Kemp: US Crude Oil Stocks Return To 1930s Crisis Levels
John Kemp is a Reuters market analyst. The views expressed are his own
LONDON, Jan 29 (Reuters) - U.S. commercial crude oil stocks last week hit their highest level since 1931 - when the opening of giant oil fields in the United States coincided with the Great Depression to create an enormous glut and sent prices tumbling to just 13 cents per barrel.
Commercial crude stocks at refineries and tank farms across the country rose to almost 407 million barrels on Jan 23, up from 398 million the week before, according to the U.S. Energy Information Administration (EIA) (http://link.reuters.com/jax83w).
Commercial stocks were the highest since the agency started collecting weekly data in 1982.
The parallels are not exact because production and consumption are so much higher now than in the 1930s.
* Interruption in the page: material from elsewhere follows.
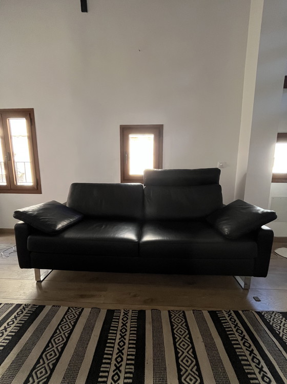 Zwarte leren bank, model 286, van Cor Conseta, staand model. De bank is 204 cm breed en 85 cm diep. De poten zijn van verchroomd metaal. Twee armleuningkussens en een hoofdsteun zijn inbegrepen. De oorspronkelijke prijs voor dit model was meer dan € 10.600. De bank is in zeer goede staat.

In 1931, stocks of 407 million barrels were equivalent to 160 days of nationwide production, while in 2015, the same stocks are just 44 days of production.
But monthly records stretching to 1920 show inventories have returned to levels briefly neared in April 1981 but otherwise not seen since the years between 1924 and 1931.
In October 1929, U.S. commercial crude stocks peaked at a staggering 545 million barrels , following the discovery of a series of huge new oil fields in Oklahoma, Texas, the rest of the Southwest and California.